┌────────

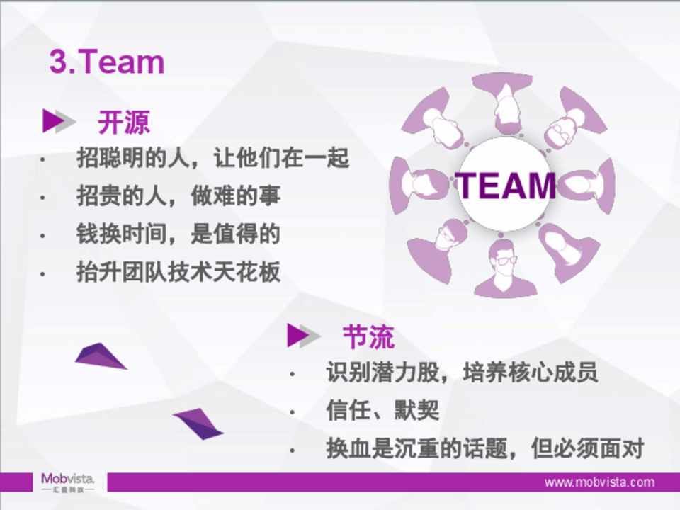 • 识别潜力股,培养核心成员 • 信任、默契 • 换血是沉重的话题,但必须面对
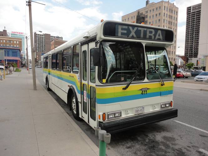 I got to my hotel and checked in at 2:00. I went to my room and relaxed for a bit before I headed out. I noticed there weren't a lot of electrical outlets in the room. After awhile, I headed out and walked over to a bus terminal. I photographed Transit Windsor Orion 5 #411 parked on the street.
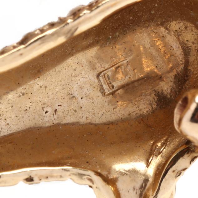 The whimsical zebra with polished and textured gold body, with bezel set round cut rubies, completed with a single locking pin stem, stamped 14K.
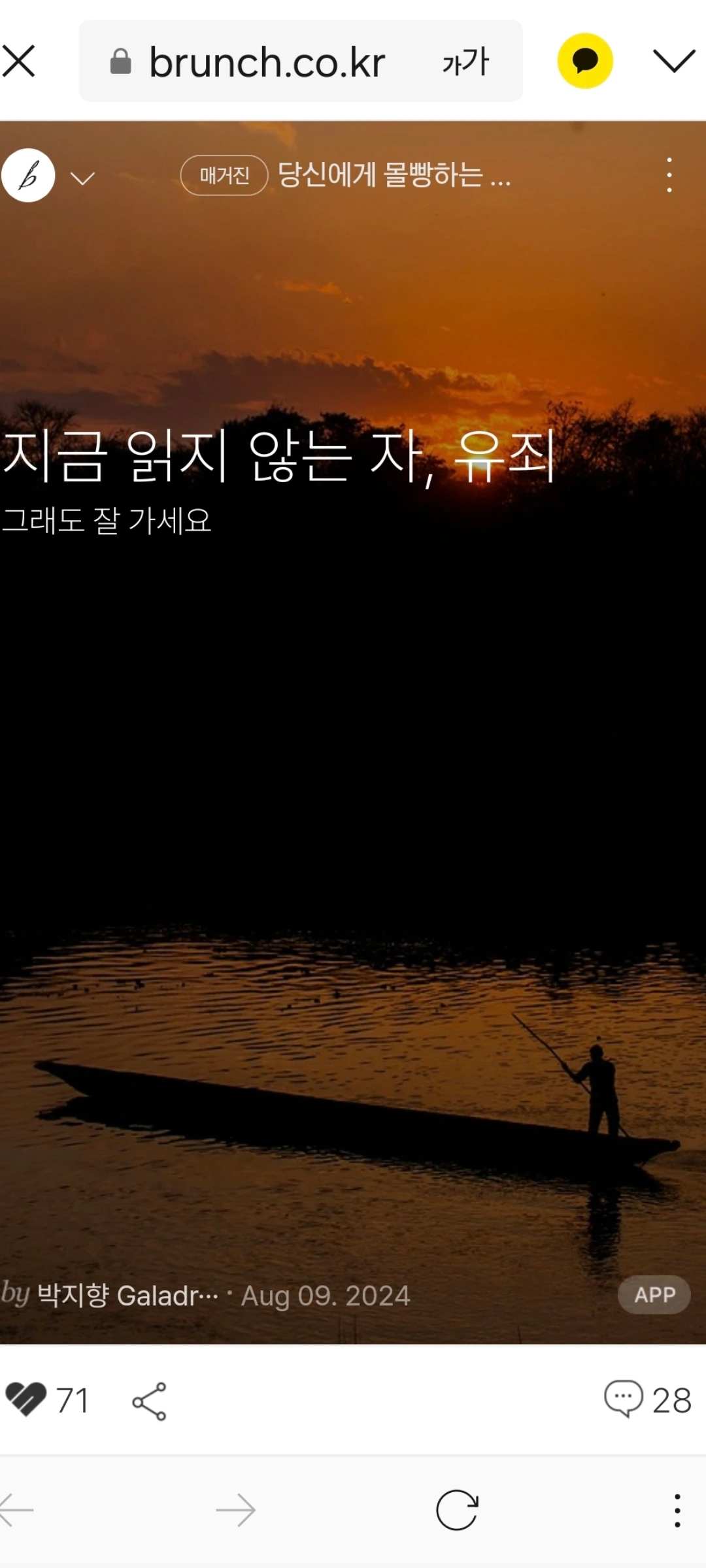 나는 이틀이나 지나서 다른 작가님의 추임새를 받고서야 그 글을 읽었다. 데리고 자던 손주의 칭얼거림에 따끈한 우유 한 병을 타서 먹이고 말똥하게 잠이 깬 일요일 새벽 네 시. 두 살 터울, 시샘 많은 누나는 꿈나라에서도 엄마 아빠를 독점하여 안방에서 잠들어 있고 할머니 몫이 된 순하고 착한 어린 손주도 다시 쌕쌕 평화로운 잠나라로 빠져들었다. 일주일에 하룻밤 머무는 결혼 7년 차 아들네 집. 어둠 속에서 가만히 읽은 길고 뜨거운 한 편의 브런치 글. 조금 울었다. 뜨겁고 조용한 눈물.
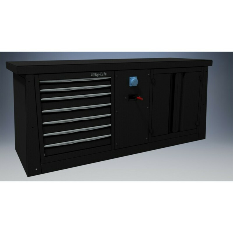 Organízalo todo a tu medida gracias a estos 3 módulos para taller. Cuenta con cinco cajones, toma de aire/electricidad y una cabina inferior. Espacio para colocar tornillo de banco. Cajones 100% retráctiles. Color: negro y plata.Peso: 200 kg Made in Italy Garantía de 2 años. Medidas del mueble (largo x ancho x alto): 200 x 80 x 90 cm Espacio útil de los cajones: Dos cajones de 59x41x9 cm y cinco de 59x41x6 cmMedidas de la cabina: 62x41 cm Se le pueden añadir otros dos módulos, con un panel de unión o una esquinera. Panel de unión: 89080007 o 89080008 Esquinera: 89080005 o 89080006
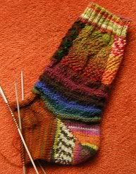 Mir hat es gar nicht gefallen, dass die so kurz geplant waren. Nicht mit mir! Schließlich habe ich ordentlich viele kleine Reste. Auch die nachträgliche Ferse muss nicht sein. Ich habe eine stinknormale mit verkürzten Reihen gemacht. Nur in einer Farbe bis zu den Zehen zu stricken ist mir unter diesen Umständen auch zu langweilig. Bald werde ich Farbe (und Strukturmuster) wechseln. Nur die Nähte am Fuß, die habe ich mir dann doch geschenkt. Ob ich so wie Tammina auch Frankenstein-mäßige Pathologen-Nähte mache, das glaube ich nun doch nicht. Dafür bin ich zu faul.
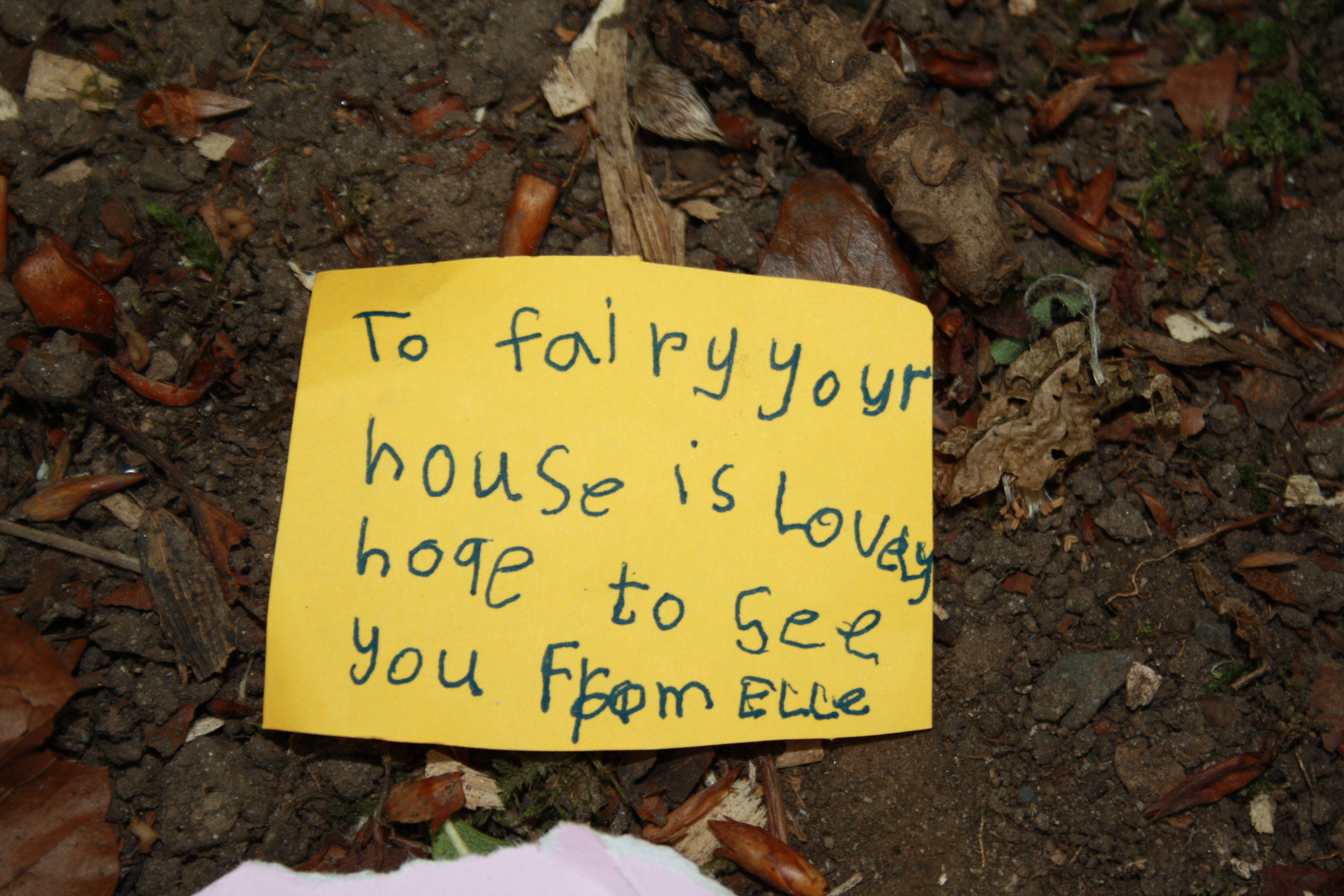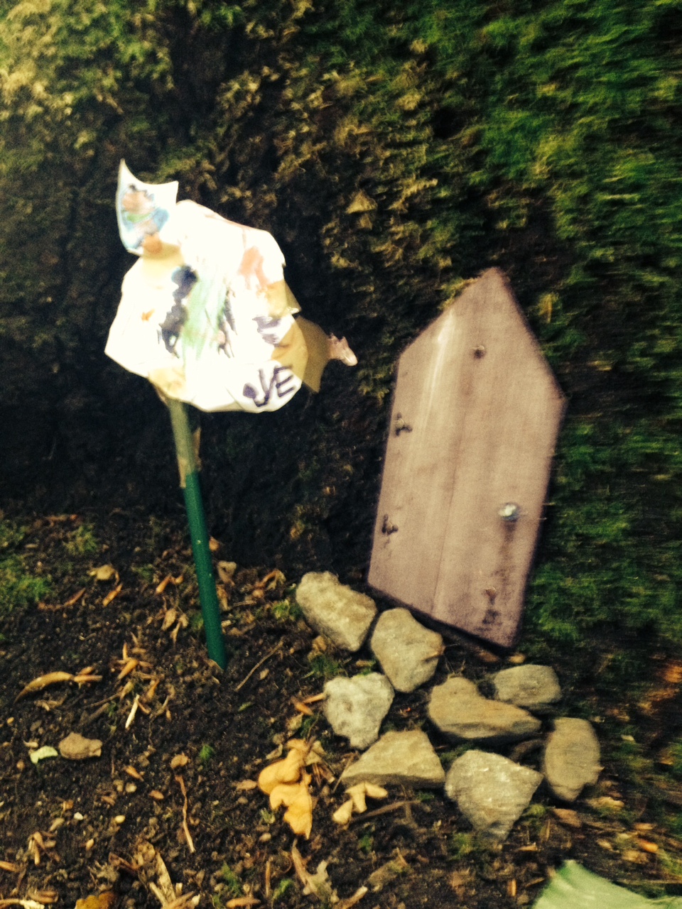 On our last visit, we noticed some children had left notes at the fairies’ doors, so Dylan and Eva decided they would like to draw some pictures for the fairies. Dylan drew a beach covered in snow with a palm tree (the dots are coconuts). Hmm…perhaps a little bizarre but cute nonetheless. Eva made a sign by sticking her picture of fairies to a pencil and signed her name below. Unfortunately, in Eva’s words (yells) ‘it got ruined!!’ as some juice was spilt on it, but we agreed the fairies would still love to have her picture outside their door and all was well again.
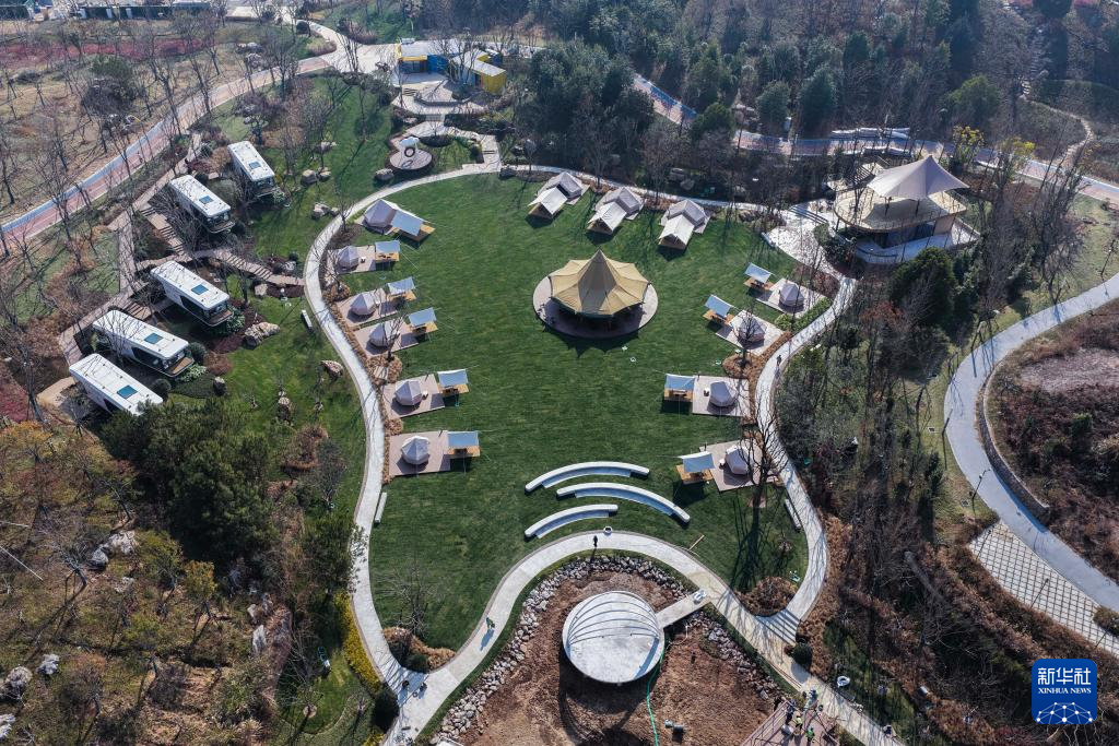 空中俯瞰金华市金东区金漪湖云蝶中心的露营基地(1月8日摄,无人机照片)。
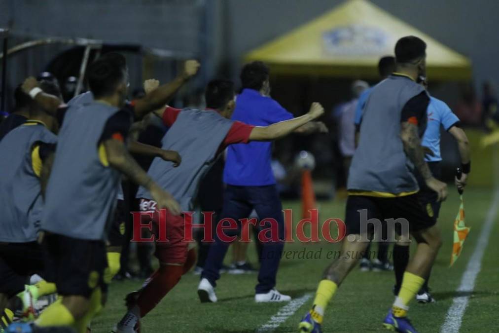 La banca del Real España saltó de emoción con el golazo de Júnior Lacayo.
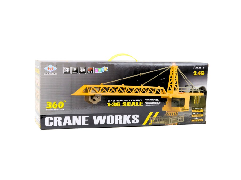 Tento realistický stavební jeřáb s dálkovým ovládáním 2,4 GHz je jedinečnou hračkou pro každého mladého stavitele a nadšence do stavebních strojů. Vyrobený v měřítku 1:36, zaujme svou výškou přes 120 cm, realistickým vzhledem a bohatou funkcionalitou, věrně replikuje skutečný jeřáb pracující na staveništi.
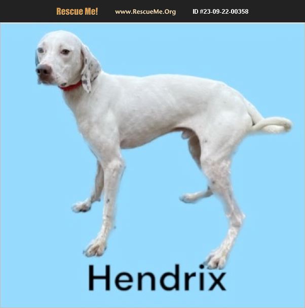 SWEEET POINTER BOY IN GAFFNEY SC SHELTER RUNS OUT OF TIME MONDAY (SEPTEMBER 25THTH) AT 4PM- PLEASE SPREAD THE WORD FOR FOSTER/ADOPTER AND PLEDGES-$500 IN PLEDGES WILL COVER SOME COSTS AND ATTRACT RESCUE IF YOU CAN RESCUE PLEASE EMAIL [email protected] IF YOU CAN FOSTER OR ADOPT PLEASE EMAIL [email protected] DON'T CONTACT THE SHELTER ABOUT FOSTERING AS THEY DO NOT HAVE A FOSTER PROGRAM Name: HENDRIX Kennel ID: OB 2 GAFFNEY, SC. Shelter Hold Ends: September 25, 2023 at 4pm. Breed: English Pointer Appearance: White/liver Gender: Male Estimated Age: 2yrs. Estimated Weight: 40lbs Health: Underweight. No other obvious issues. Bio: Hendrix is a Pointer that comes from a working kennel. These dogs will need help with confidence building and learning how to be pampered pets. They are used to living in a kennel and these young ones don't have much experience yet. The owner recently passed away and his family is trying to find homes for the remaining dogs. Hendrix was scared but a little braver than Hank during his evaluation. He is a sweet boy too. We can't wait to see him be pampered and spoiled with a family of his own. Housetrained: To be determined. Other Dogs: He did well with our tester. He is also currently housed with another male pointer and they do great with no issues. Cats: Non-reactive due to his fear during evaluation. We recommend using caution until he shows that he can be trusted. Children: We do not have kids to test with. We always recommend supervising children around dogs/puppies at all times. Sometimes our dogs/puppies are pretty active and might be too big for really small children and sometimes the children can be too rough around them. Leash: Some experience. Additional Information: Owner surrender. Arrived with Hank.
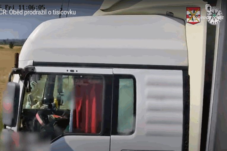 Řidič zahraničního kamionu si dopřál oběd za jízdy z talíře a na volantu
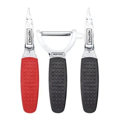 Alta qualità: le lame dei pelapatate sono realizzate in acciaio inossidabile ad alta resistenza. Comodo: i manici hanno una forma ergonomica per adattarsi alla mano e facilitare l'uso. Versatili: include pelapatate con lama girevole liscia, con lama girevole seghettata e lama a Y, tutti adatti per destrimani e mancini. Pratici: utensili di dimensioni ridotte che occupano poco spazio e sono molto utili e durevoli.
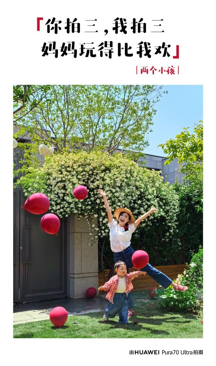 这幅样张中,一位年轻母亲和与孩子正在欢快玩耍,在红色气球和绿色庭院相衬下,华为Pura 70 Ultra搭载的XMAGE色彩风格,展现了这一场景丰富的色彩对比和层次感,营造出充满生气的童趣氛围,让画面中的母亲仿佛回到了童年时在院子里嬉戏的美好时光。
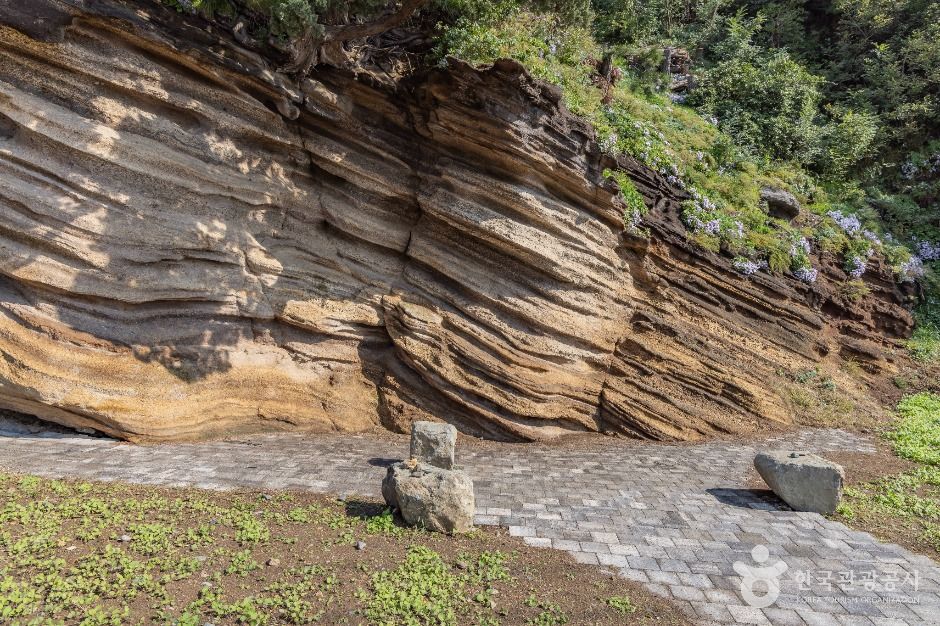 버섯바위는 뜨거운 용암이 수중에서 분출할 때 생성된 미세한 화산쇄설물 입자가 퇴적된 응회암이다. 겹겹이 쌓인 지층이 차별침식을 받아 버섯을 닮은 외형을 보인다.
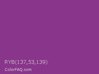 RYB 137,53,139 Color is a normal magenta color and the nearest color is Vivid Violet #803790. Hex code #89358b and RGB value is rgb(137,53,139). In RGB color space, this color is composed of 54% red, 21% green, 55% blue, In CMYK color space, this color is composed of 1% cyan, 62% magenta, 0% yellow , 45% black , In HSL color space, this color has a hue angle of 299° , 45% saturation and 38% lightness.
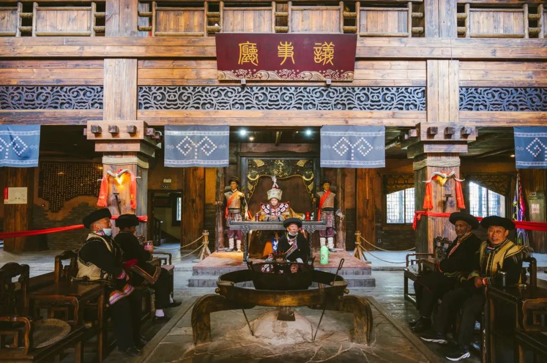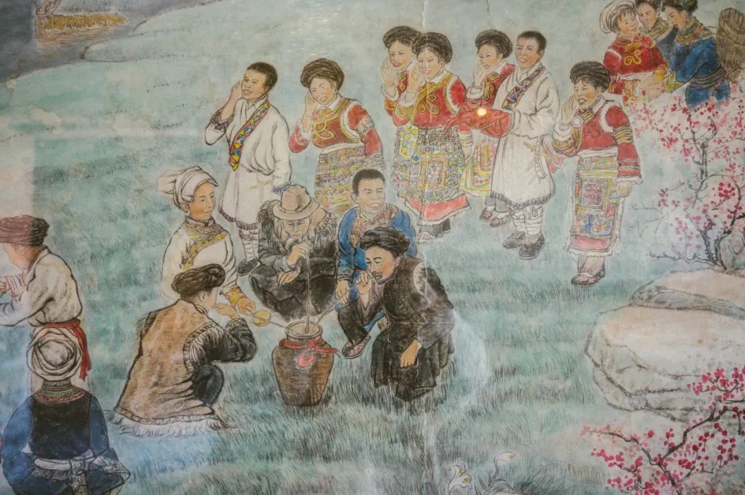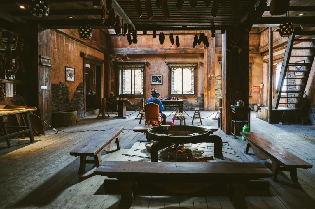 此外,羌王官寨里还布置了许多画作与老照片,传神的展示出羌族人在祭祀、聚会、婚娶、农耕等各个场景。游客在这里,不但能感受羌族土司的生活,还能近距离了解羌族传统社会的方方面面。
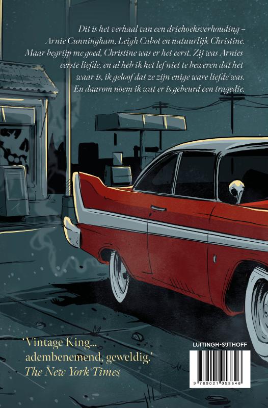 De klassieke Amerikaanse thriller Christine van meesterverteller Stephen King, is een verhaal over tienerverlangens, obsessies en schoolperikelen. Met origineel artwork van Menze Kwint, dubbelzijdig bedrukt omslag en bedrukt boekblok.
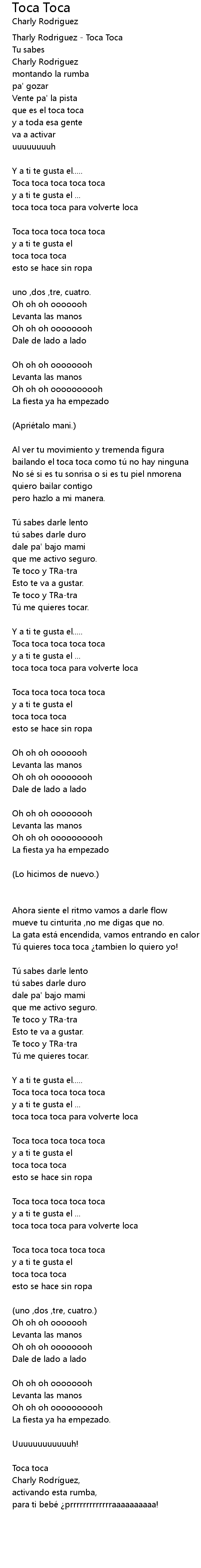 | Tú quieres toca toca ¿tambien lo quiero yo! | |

└────────

=== WHAT YOU HAVE TO DO ===
Write out word for word the lines above that run from the one with "SWEEET POINTER BOY" to the one with "Řidič zahraničního kamionu". Include both end lines; exclude the images.

=== OUTPUT BELOW ===
 SWEEET POINTER BOY IN GAFFNEY SC SHELTER RUNS OUT OF TIME MONDAY (SEPTEMBER 25THTH) AT 4PM- PLEASE SPREAD THE WORD FOR FOSTER/ADOPTER AND PLEDGES-$500 IN PLEDGES WILL COVER SOME COSTS AND ATTRACT RESCUE IF YOU CAN RESCUE PLEASE EMAIL [email protected] IF YOU CAN FOSTER OR ADOPT PLEASE EMAIL [email protected] DON'T CONTACT THE SHELTER ABOUT FOSTERING AS THEY DO NOT HAVE A FOSTER PROGRAM Name: HENDRIX Kennel ID: OB 2 GAFFNEY, SC. Shelter Hold Ends: September 25, 2023 at 4pm. Breed: English Pointer Appearance: White/liver Gender: Male Estimated Age: 2yrs. Estimated Weight: 40lbs Health: Underweight. No other obvious issues. Bio: Hendrix is a Pointer that comes from a working kennel. These dogs will need help with confidence building and learning how to be pampered pets. They are used to living in a kennel and these young ones don't have much experience yet. The owner recently passed away and his family is trying to find homes for the remaining dogs. Hendrix was scared but a little braver than Hank during his evaluation. He is a sweet boy too. We can't wait to see him be pampered and spoiled with a family of his own. Housetrained: To be determined. Other Dogs: He did well with our tester. He is also currently housed with another male pointer and they do great with no issues. Cats: Non-reactive due to his fear during evaluation. We recommend using caution until he shows that he can be trusted. Children: We do not have kids to test with. We always recommend supervising children around dogs/puppies at all times. Sometimes our dogs/puppies are pretty active and might be too big for really small children and sometimes the children can be too rough around them. Leash: Some experience. Additional Information: Owner surrender. Arrived with Hank.
 Řidič zahraničního kamionu si dopřál oběd za jízdy z talíře a na volantu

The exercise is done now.